I’ve held onto my CD collection all these years.
It’s one of those accidental relics from the pre-MP3 world. Not nearly as cool as the record players some of my younger friends have in their houses (which I secretly love, so no judgment), but six overstuffed binders of CDs that I haven’t really listened to in… maybe fifteen years? Twenty? The last time I owned a working CD player was probably around 2009.
Then, while clearing out my mother’s room before we moved her into memory care, I found an old Samsung mini stereo sitting on her dresser. Dusty, probably untouched for years. I plugged it in just to see. It worked.
So I packed it.
When we shipped our lives from California to Mérida — books, rugs, kitchen things, Tucker, my keyboard, my favorite coffee mug — I packed the stereo and all those CDs too.
Lately they’ve become the soundtrack to my writing sessions.
There’s something different about listening this way. With Spotify or Pandora, I had access to everything, but somehow I forgot what I actually liked. The algorithm would happily feed me an endless stream of songs that sounded enough like the last one that eventually they all blurred together. I stopped listening to albums. I stopped being surprised.
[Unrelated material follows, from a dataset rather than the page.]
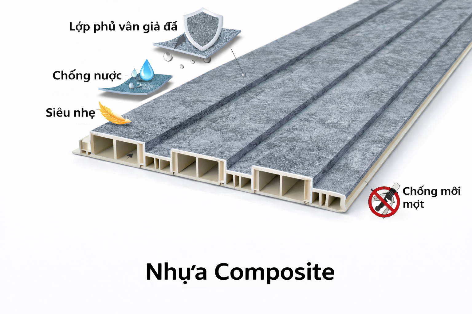 2.3 Chống ẩm mốc – không cong vênh

Now I put on an old CD and let it play. Even the songs I used to skip. Maybe especially those.
This evening it was a disc from an old Flower Power box set I picked up decades ago at Borders on State Street, back when Borders was still a thing. Joe Cocker. The Mamas & the Papas. Steppenwolf. Songs that were already old when I first bought the CDs, but somehow make even more sense to me now than they did twenty years ago.
I write while they’re playing.
Sometimes I look around my office and realize I’m listening to songs as old or older than I am, on a CD player from my mother’s bedroom, in a house in Yucatán that is slowly becoming my own.
It’s funny what survives a cross-border move.
Not just the objects. Its also the versions of ourselves that were waiting inside them.